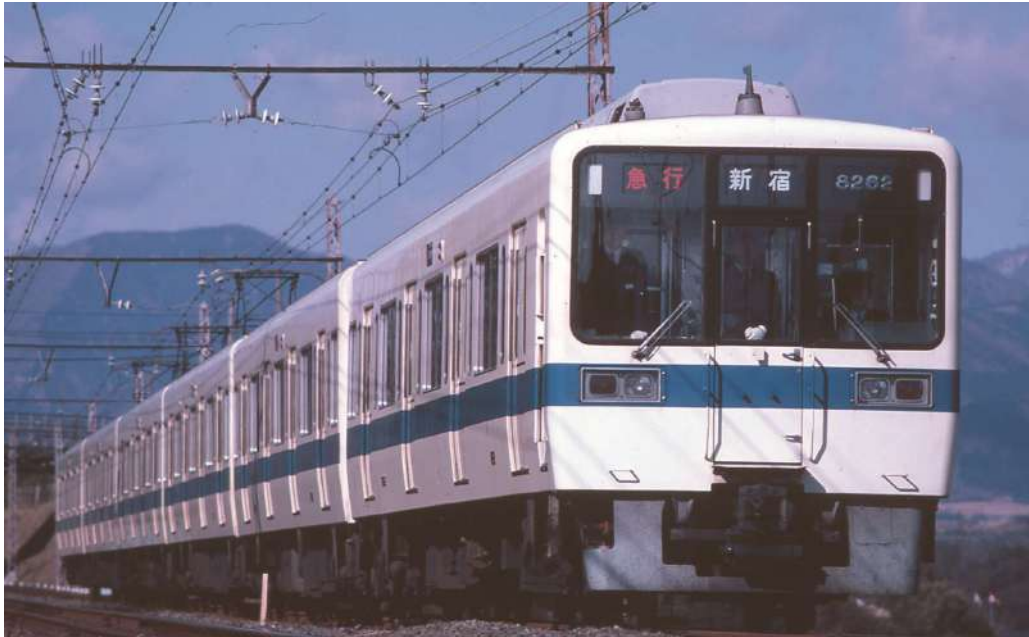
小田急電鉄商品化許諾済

==*==

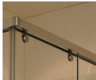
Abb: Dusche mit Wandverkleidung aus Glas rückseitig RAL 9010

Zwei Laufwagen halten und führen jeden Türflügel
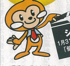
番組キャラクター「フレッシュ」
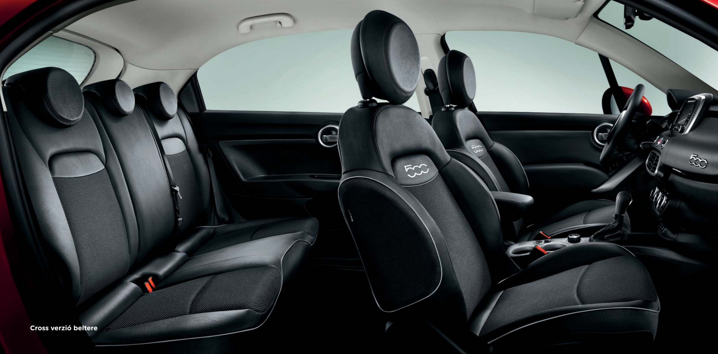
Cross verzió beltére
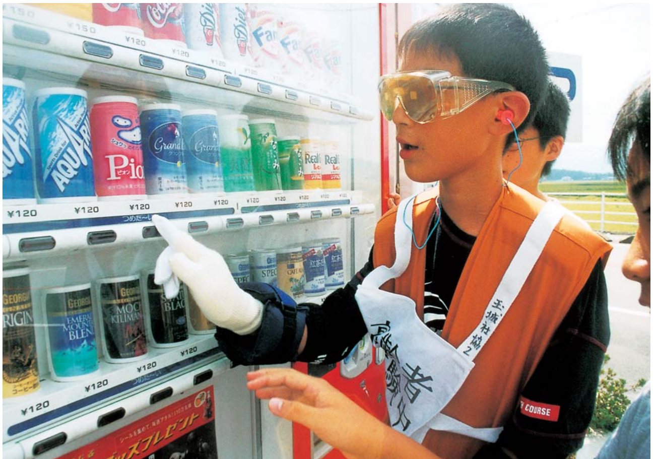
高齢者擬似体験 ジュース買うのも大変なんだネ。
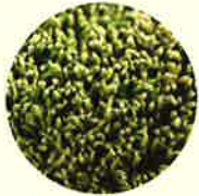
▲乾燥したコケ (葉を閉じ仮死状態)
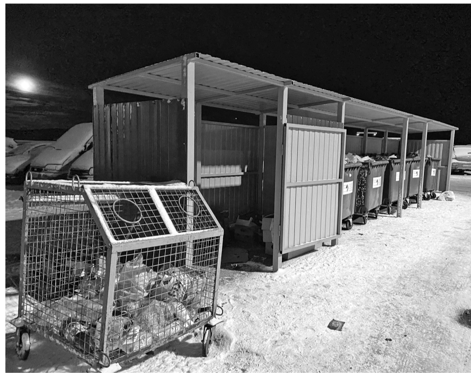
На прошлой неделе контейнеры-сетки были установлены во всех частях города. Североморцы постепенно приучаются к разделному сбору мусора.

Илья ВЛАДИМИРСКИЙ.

==*==

* EXERCISE *
Output exactly the stretch of the listing that begins at the line containing "Cross verzió beltére" and ends at the line containing "Илья ВЛАДИМИРСКИЙ.", both kept. Omit pictures and everything else.

* RESPONSE BOX *
Cross verzió beltére
高齢者擬似体験 ジュース買うのも大変なんだネ。
▲乾燥したコケ (葉を閉じ仮死状態)
На прошлой неделе контейнеры-сетки были установлены во всех частях города. Североморцы постепенно приучаются к разделному сбору мусора.

Илья ВЛАДИМИРСКИЙ.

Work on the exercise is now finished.